Avec délicatesse et subtilité, notre narrateur nous dit les silences de son père.
En toile de fond des Silences des pères, des générations de gens aimants mais taiseux, des hommes et des femmes ayant tout quitté, taisant leurs douleurs en croyant protéger leurs fils et leurs filles, une classe ouvrière fière mais malmenée, rabaissée, outragée, violentée.

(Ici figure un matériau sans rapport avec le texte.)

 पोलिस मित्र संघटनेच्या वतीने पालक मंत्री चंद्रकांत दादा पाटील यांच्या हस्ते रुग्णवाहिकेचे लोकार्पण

Rachid Benzine, conteur dans l’âme, nous raconte l’histoire d’un fils qui, à la mort du père, revient au sein de son quartier, à Trappes. En débarrassant l’appartement, il découvre, nichée entre les carreaux cernant la baignoire, une enveloppe. Celle-ci contient les messages audio de son père vers son grand-père. D’un fils vers son père.
Ricochet des silences.
De gueule noire dans les mines de Lens en 1965 à gueule grise à Aubervilliers en 67, d’ouvrier à la chaîne à l’usine Lip de Besançon dès 73 à maraîcher dans le Gard, le fils retrace la partition du père. Il écoute, comprend, module sa colère, s’apaise.

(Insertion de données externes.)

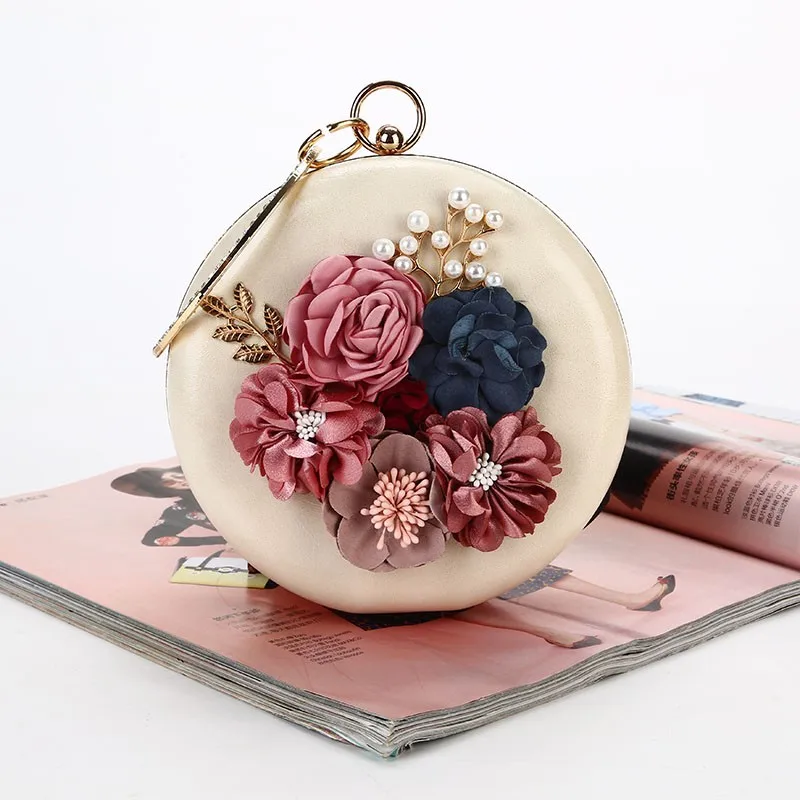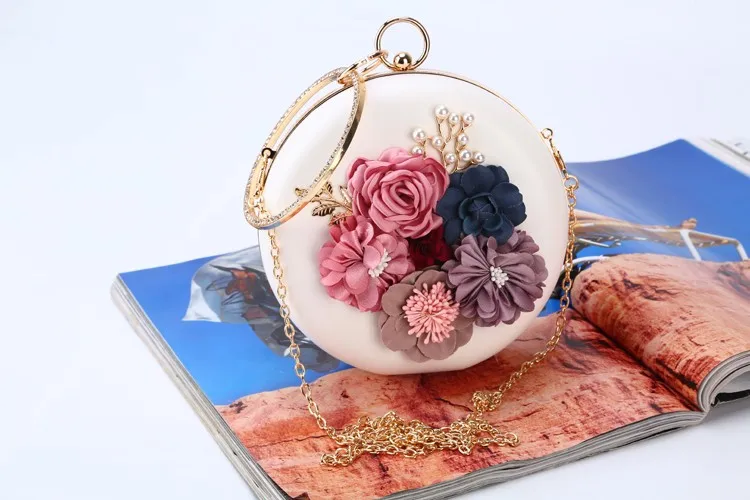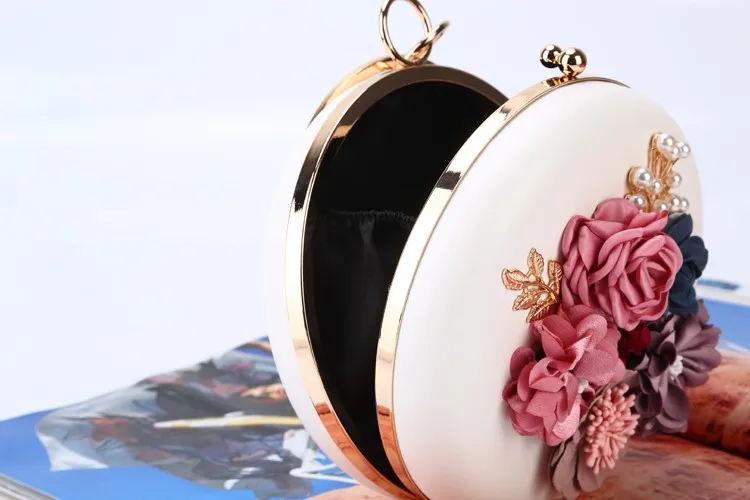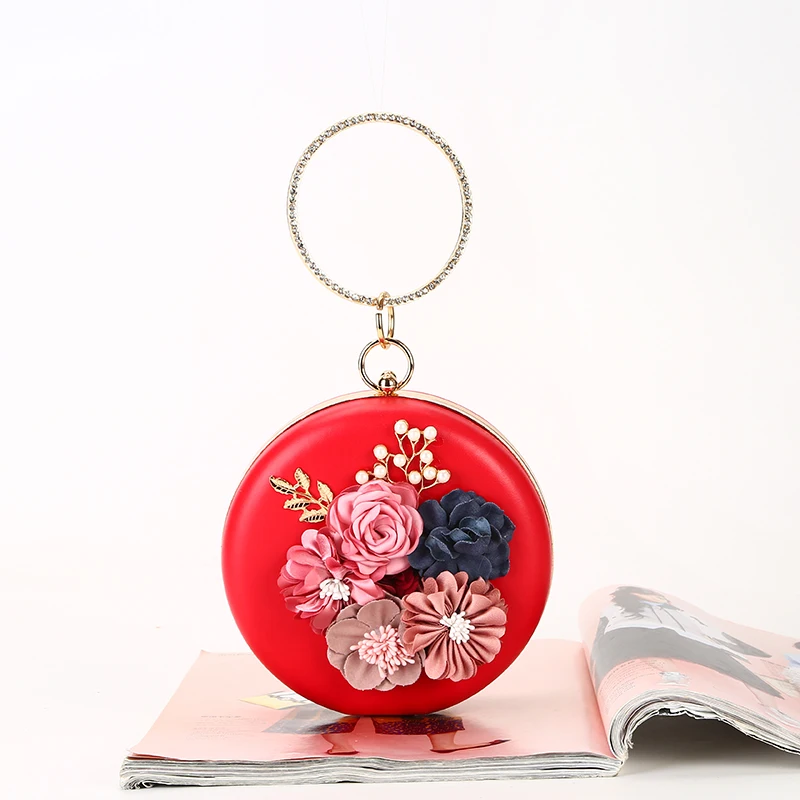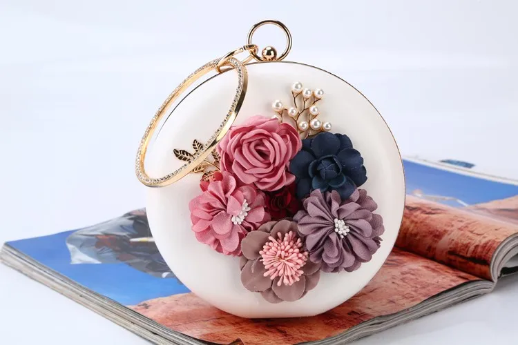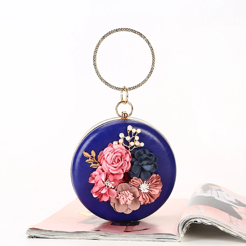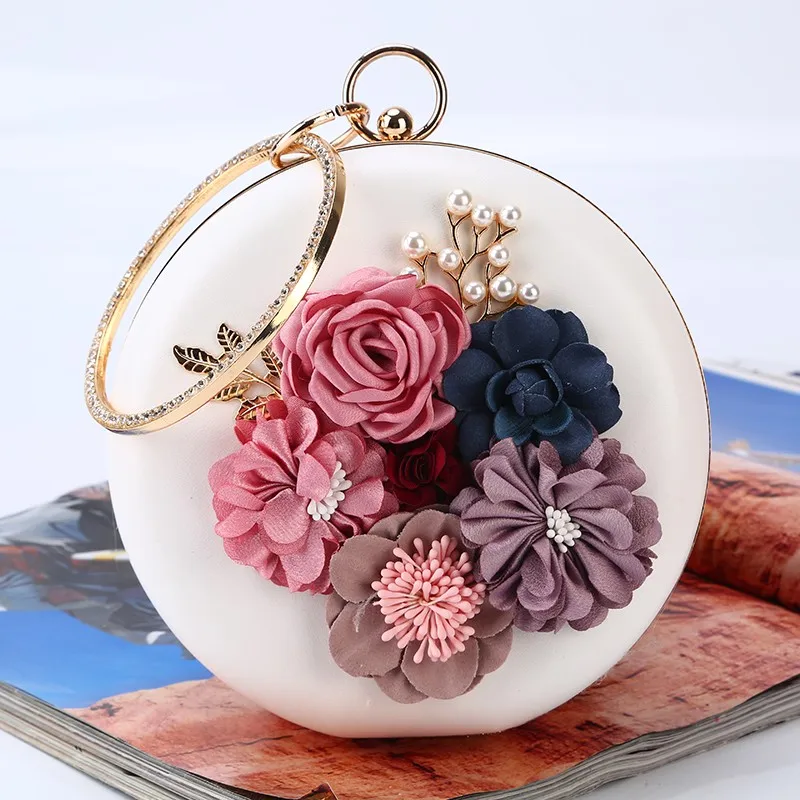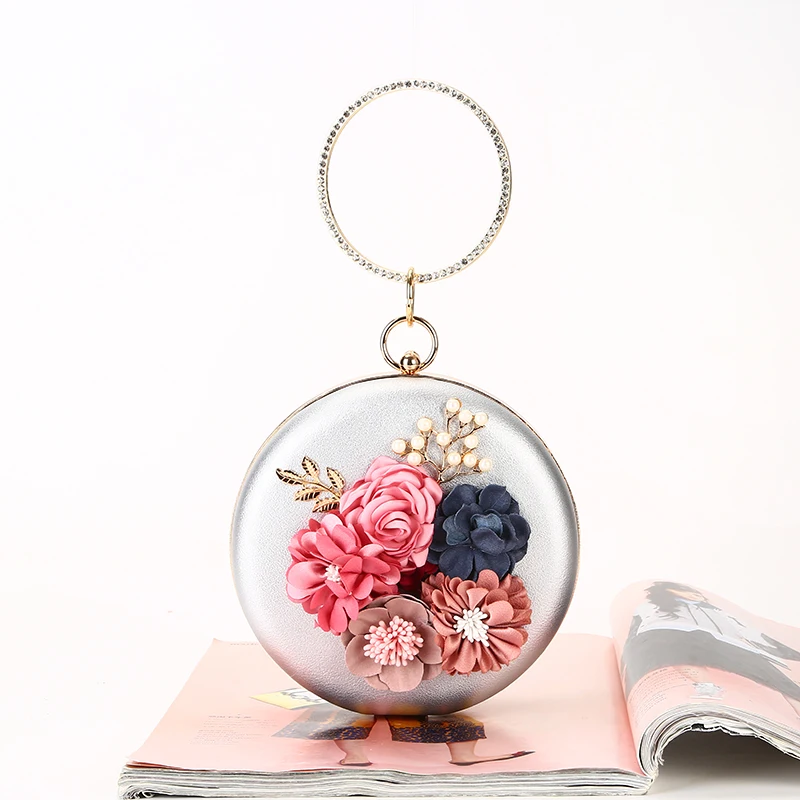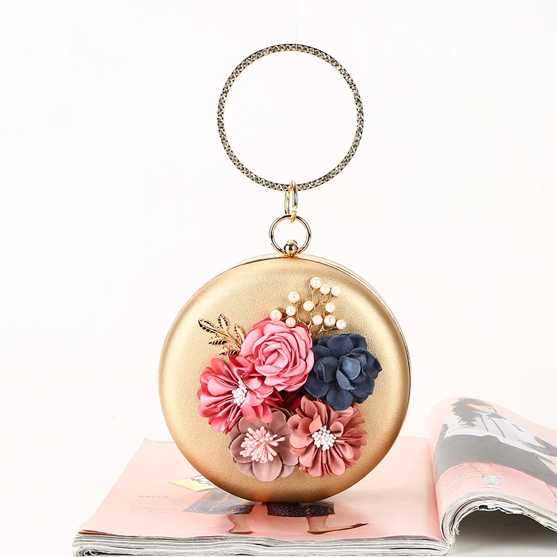 Factory direct brand new floriation evening bag classic clutches crystal metal handle ladies handbag for party wedding

Le fils, pianiste mondialement reconnu, reconnaît le père, celui qui se tait mais l’adorait, celui qui écoutait, yeux fermés, le concert mythique de Keith Jarett à Cologne en 75.
(…)La cassette du concert, je l’entends encore. Les bruits de l’audience dans la salle, et la voix de Keith Jarrett, comme Glenn Gould, chantant parfois au-dessus des notes. Il faut, pour l’entendre, monter le son. Je revois le salon de notre appartement. Les fenêtres grandes ouvertes du onzième étage d’une tour de la cité. Un après midi de juillet. Je me souviens du silence, et si je ferme les yeux je revois mon père dans son fauteuil. (…) «
Notre pianiste revient sur les traces d’un homme intègre et généreux, le fils revient vers le père. Rachid Benzine nous entraîne avec lui dans cette histoire émouvante, attachante, universelle où les secrets sont enfin révélés.
Fanny.
Les Silences des pères, Rachid Benzine, Le Seuil, 171 p. , 17€50.
Mais oui, quel magnifique roman. Outre cette relation père-fils qui se redessine au fur et à mesure que les secrets se dévoilent, j’ai été très touchée par le destin de cet homme, ce père, cheville ouvrière malconnue et maltraitée sur l’autel de nos Trente Glorieuses…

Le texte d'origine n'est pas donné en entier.